Background and Purpose—Genetically engineered mice are used to study the role of single genes in cerebral ischemia, but inherent, strain-dependent differences in neuronal vulnerability may affect experimental end points. To examine this possibility, tissue injury resulting from focal ischemia and its relationship to cerebral hemodynamics were determined in 3 common mutant mouse strains.

Methods—Permanent middle cerebral artery ligation was performed in male C57BL/6J, Balb/C, and 129X1/SvJ mice. Mean arterial blood pressure, blood gases, basal and postischemic cortical blood flow ([¹⁴C]iodoantipyrine autoradiography and laser-Doppler flowmetry), posterior communicating artery patency, and infarct size were determined.

Results—Basal cortical blood flow did not differ among strains. Ten minutes after middle cerebral artery ligation, relative red cell flow in the ischemic cortex was 6% to 7% of preischemic flow in every strain. Despite similar hemodynamics, cortical infarcts in Balb/C mice were 3-fold larger than those in 129X1/SvJ and C57BL/6J mice; infarct size in the latter 2 strains was not significantly different. The posterior communicating artery was either poorly developed or absent in >90% of the Balb/C and C57BL/6J but in <50% of the 129X1/SvJ mice.

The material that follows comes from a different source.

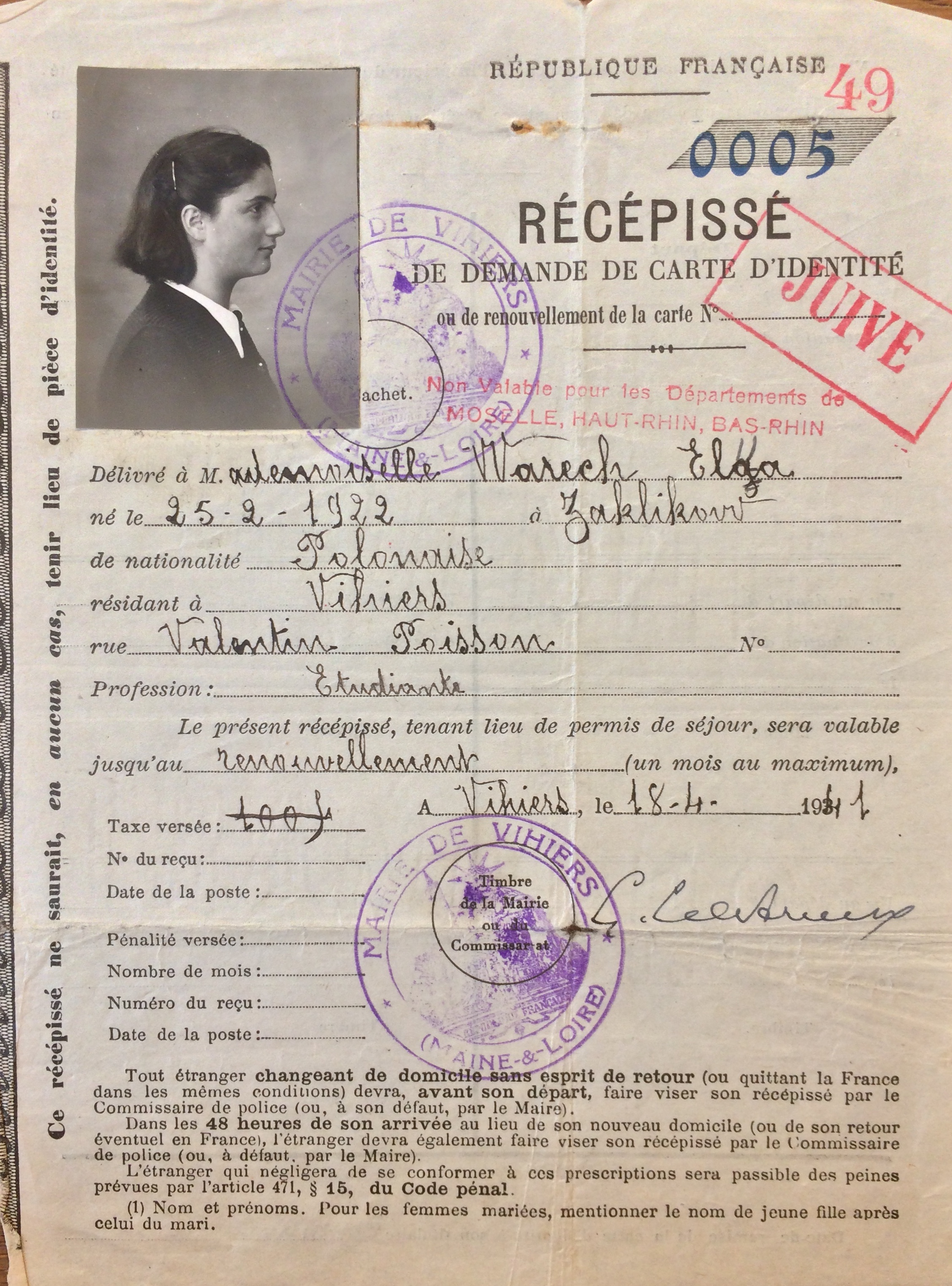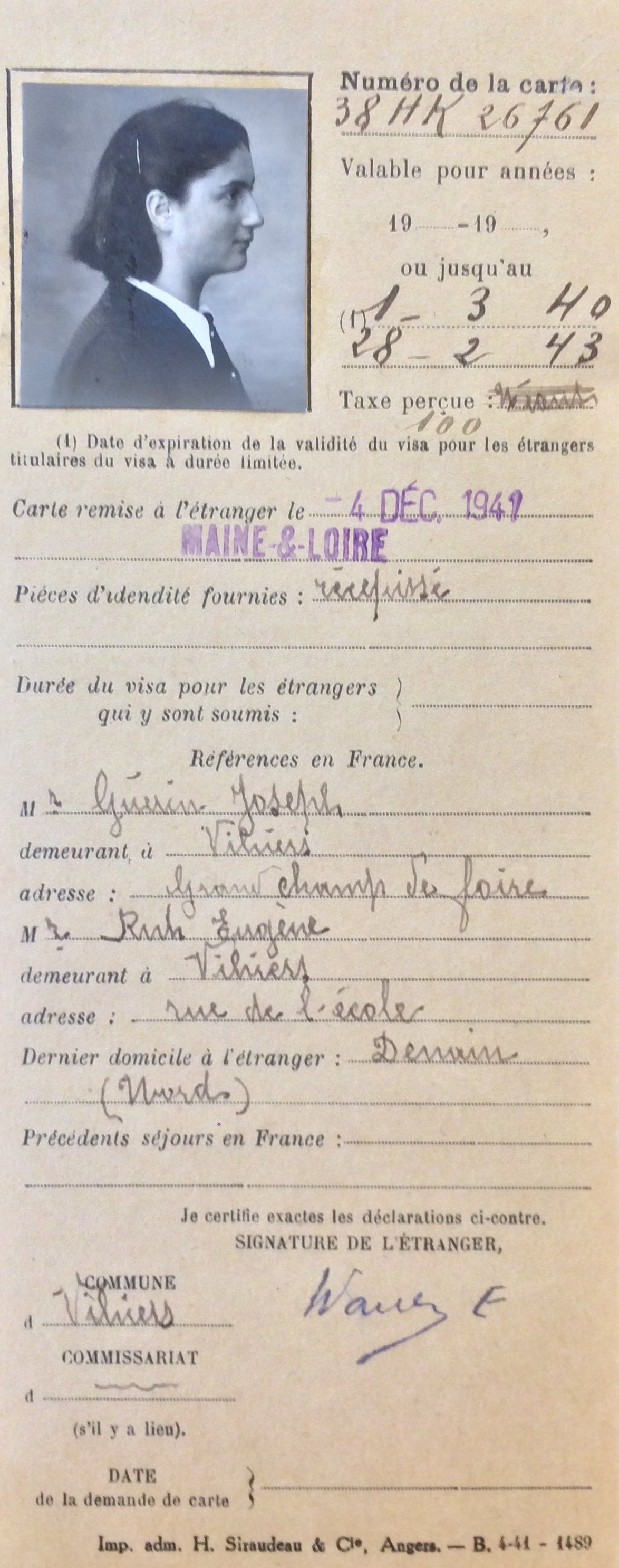Puis toute la famille se réfugie un mois plus tard dans le département du Maine-et-Loire à Vihiers rue Poisson Valentin.

Conclusions—The extent of ischemic injury differed markedly between the 3 strains. The presence and patency of posterior communicating arteries, although variable among strains, did not affect preischemic or postischemic cortical blood flow or bear any relationship to ischemic injury. Therefore, intrinsic factors, other than hemodynamic variability, may contribute to the differences in ischemic vulnerability among strains. These findings underscore the importance of selecting genetically matched wild-type controls.